The observed drug resistance in A10A cells is unlikely related to the expression of the classical drug-resistance proteins, such as P-glycoprotein, MRP1, and topoisomerase II, as their expressions were similar between the two cell lines (data not shown). To find the underlying mechanism for the drug resistance in A10A cells, the technique of RT-PCR-based differential display was performed to compare the gene expression profile between the A431 parent cells and A10A cells. One of the clones, designated as CUDR, was found to be 12-fold (by densitometry analysis) overexpressed in A10A cells as confirmed by Northern blot analysis; a single mRNA transcript ∼2.2 kb was detected (Fig. 1D). By using semiquantitative RT-PCR, in addition to A431 cells, overexpression of CUDR was also observed in drug-resistant HepG2 cells and CaCO-2 cells, with respect to their parent counterpart (Fig. 1E).

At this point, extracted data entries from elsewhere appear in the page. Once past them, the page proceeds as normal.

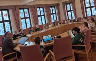 Zum Abschluss ging es noch in den Sitzungssaal. Bei Brezel und Fanta trafen sich die Schülerinnen und Schüler zu einer kleinen Runde mit dem Bürgermeister. Wie bei einer echten Gemeinderatssitzung nahmen die Kinder auf den Stühlen der Gemeinderatsmitglieder platz und bekamen so einen authentischen Eindruck von der kommunalen Arbeit.
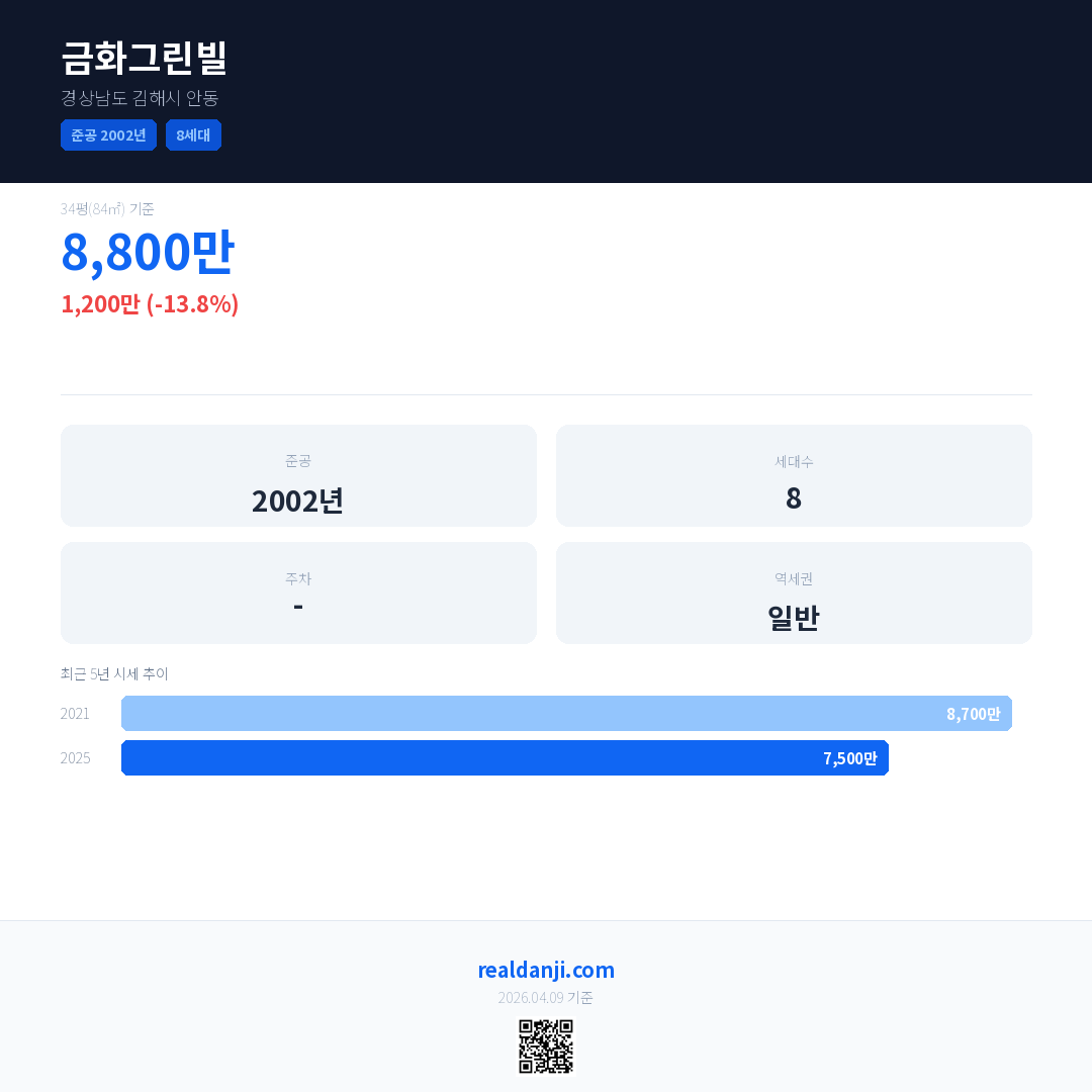 금화그린빌 최근 거래가는 8,800만입니다. (2025-04)
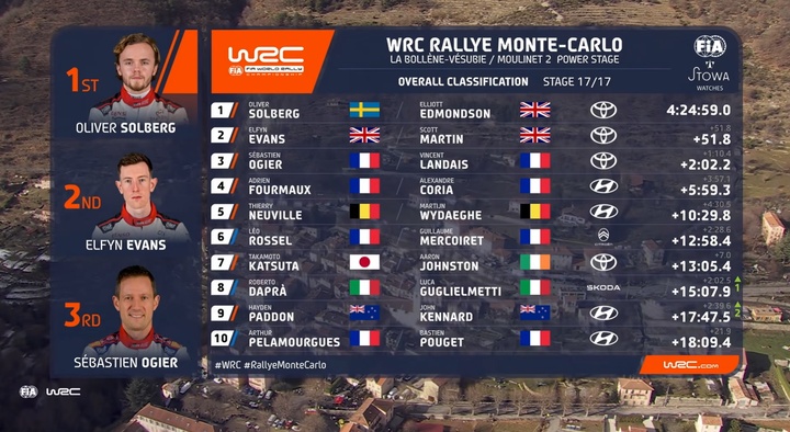 再度代表丰田阵营出战最高组别赛事的奥利弗·索伯格在第2赛段取得领跑后便没有再让出过领先的位置,他跟领航员埃德蒙森最终以51.8秒的优势战胜两位丰田阵营的队友,拿下了属于的自己首个蒙特卡洛拉力赛分站冠军。索伯格在代表丰田两度出战最高组别的赛事里也都双双拿下了分站冠军。
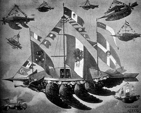 I remember Mad Magazine used to put these recurring spot drawings of a really far-fetched airship in the margins, but the internets didn't find me an image to share.   :-[
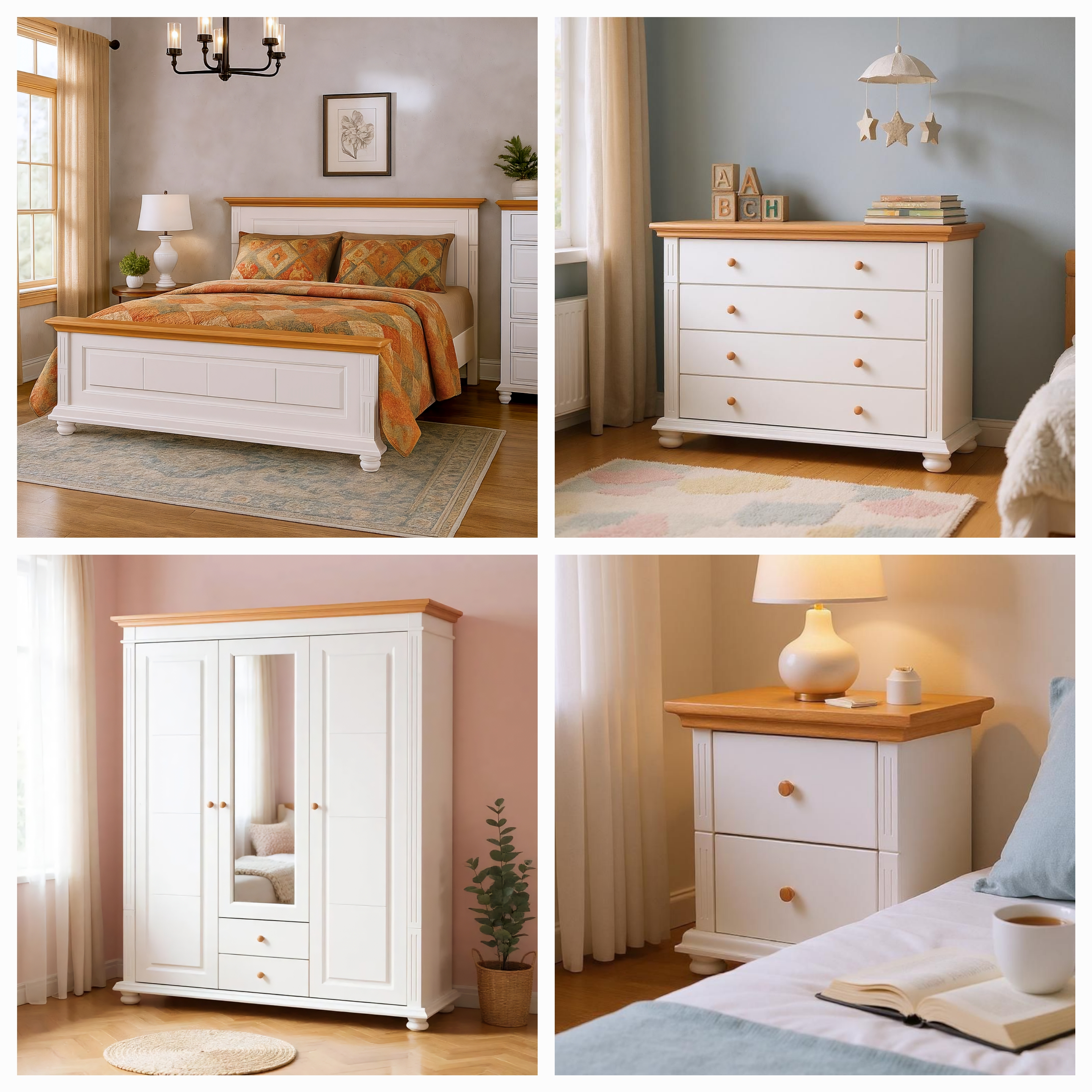 Descoperă eleganța atemporală a dormitorului din lemn masiv finistat in nuante de alb integral, alb cu natur sau alb cu nuc, unde designul rafinat și calitatea superioară se îmbină perfect pentru un mobilier durabil, versatil și sofisticat. Acest set de dormitor creează o atmosferă caldă și reconfortantă, adăugând un plus de stil oricărei camere.

DNA sequence analysis of CUDR

The full-length CUDR cDNA was isolated by screening with the human placenta arrayed cDNA library (Origene Technologies). Six clones were picked for DNA sequencing, and three of them had the longest DNA insert. The 5′ end was confirmed by RACE. The full-length CUDR gene sequence is shown in Figure 2A. The identity of the CUDR gene was revealed by mapping with the BLAST search program from NCBI. The gene structure of CUDR is shown in Figure 2B. The CUDR cDNA was found to have 99% identity with the human cDNA FLJ35802 fis clone (GenBank accession no. AK092401.1), and part of the DNA sequence of the chromosome 19 cosmid (GenBank accession no. AC004510), respectively. Moreover, the 5′ region of the CUDR cDNA (nucleotides 3–1294) had 99% identity with human urothelial cancer associated 1 (UCA1) mRNA (nucleotides 119–1409), which is 1.4 kb long (GenBank accession no. DQ3433132.1; Wang et al. 2006). Though the CUDR mRNA transcript was 2.2 kb, no distinct ORF was deduced throughout the cDNA sequence. Instead, a total of five putative small ORFs were predicted at the three reading frames. The full-length CUDR cDNA was subcloned into the pEXP2-DEST vector to perform in vitro protein translation. However, no protein was detected as compared with the protein detected from the β-galactosidase positive control (data not shown). On the other hand, to find out whether the predicted short ORFs were capable of translating into corresponding short peptides in human cells, all five putative ORF sequences as well as the full-length CUDR cDNA were amplified and subcloned separately into the mammalian expression vector pcDNA-DEST40 with a C-terminal 6×His V5 epitope. The constructs were then transfected into A431 cells and the total protein lysates were extracted. However, by Western blot analysis using anti-V5 antibody, the recombinant proteins from the CUDR cDNA and also the five ORF sequences were not detected in the cell lysates from any of these clones (data not shown). The results suggested that CUDR cDNA may not likely encode for any protein product.

FIGURE 2.

FIGURE 2.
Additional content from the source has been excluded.